[dies ist eine Fortsetzung von S&G III/1]
„In dieser Studie…“ Sie fing an, konfus in der Zeitung rumzublättern, wobei sich die Seiten immer wieder einrollten. Sie schien gefunden zu haben, was sie suchte, zeigte es ihm aber nicht, sondern klappte die sich verheddernden Seiten wieder zu. „Es ist wirklich alles nur Chemie.“ Bei „wirklich“ überschlug sich ihre Stimme ein wenig. Sie schien verzweifelt. „Sie haben herausgefunden, welche Stoffe, welche Hormone ausgeschüttet werden, wenn man verliebt ist [s.a.]. Und der Grund ist in den ersten paar Sekunden zu suchen.
Der Geruch spielt eine Rolle. Natürlich. Aber gemeint sind vor allem Pheromone, die wir gar nicht bewusst wahrnehmen. Und die Typfrage - das ist nur etwas Zusammengewürfeltes aus unseren Erfahrungen. Das ist noch nicht mal logisch! Ergründet man, warum man auf einen bestimmten Typ steht, kommt häufig raus, dass man mit diesem Typ nicht mal unbedingt was Positives verbindet, sondern eben nur etwas Bekanntes.“
Sie sah ein bisschen so aus, als müsse sie sich gleich übergeben. So ein Grau, was schon ins Grünliche übergeht, umspielte ihre Nasenflügel. Es war ein heißer Tag und die winzigen Schweißperlen auf ihrer Oberlippe vibrierten leicht.

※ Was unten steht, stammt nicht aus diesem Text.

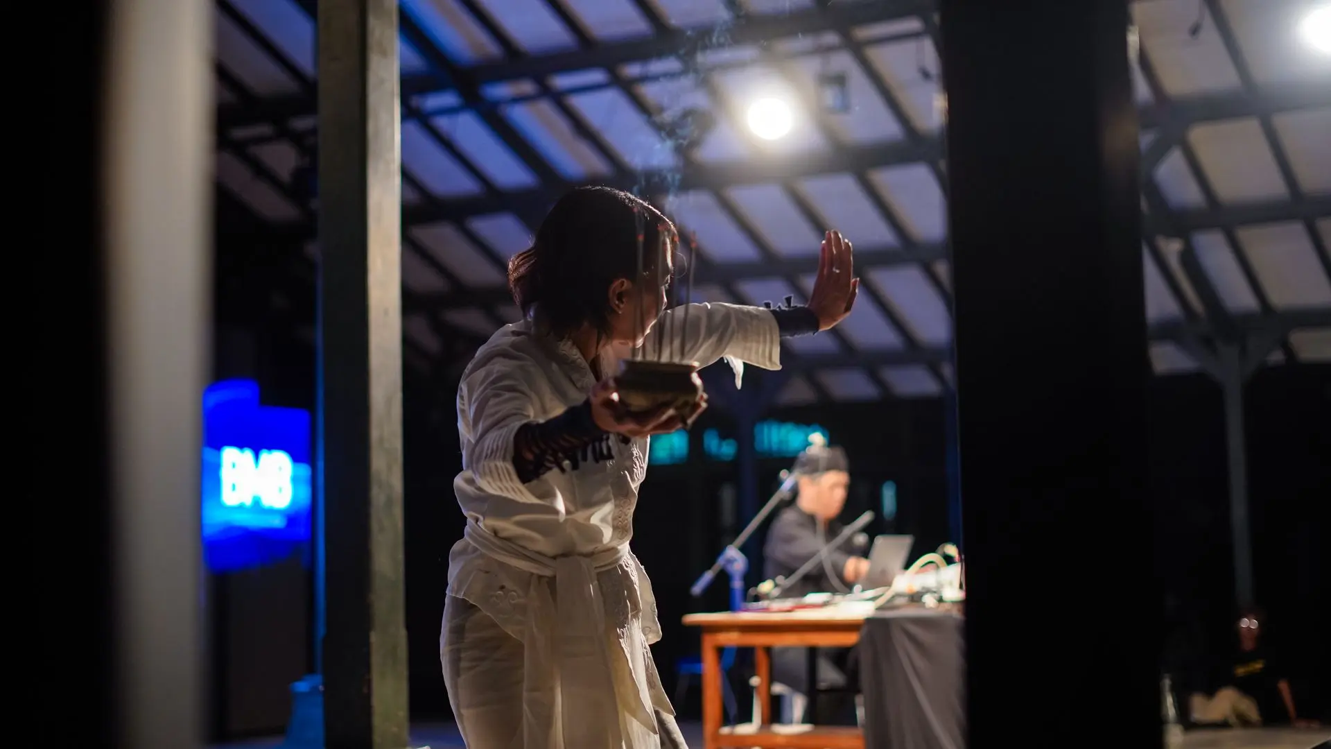 Pertunjukan dibuka oleh Ghazian Arta Fikry (Semarang) dengan rekonstruksi bunyi tonggerek, soundscape dermaga, hingga atmosfer pembangunan kota yang diproses menjadi komposisi elektroakustik. Disusul Devi Aggitaningrum (Sumedang) yang memanipulasi bunyi burung, kromong, dan kecapi hingga kehilangan identitas aslinya, membawa penonton pada lintasan bunyi yang benar-benar baru.

„Das schlimmste ist, dass man überhaupt nichts dagegen machen kann. Es ist von unserem Unterbewusstsein vorprogrammiert und unser Bewusstsein steht mit verdrehten Füßchen da und zuckt mit den Schultern. Wenn man nur eine Ahnung davon hätte, was richtig und falsch ist oder was gut für einen ist, könnte man sich vielleicht konditionieren. Im Grunde sind wir mit diesen 8 Prozent oder so, die wir von unserem Gehirn nutzen, dermaßen armselig dran. Wir spiegeln uns vor, dass wir die Drähte in der Hand haben. Dass wir, wenn wir wollen, unser Schicksal selbst in die Hand nehmen können. Aber in Wahrheit hat uns unser Unterbewusstsein oder jedenfalls etwas, dass uns nicht bewusst ist, fest im Griff. Ich fühle mich ohnmächtig und weiß nicht, was das alles soll.“
Ich erinnere mich noch genau an den Blick von Herrn Schön. Er sah sie mit schiefen Kopf und blinzelnden Lidern mitleidig an. Aber in seinen Augen war auch etwas Funkelndes. So als ob er sich darüber freute, ihr gleich etwas wahrhaft tröstendes sagen zu können. Es befriedigte ihn sichtlich, auf Verzweiflung zu treffen, weil er überzeugt war, die Decke parat zu haben, die er heilsam darüber ausbreiten konnte. Er räusperte sich, als wäre es ihm unangenehm, sich bei so einem hochmütigen Gedanken ertappt zu haben.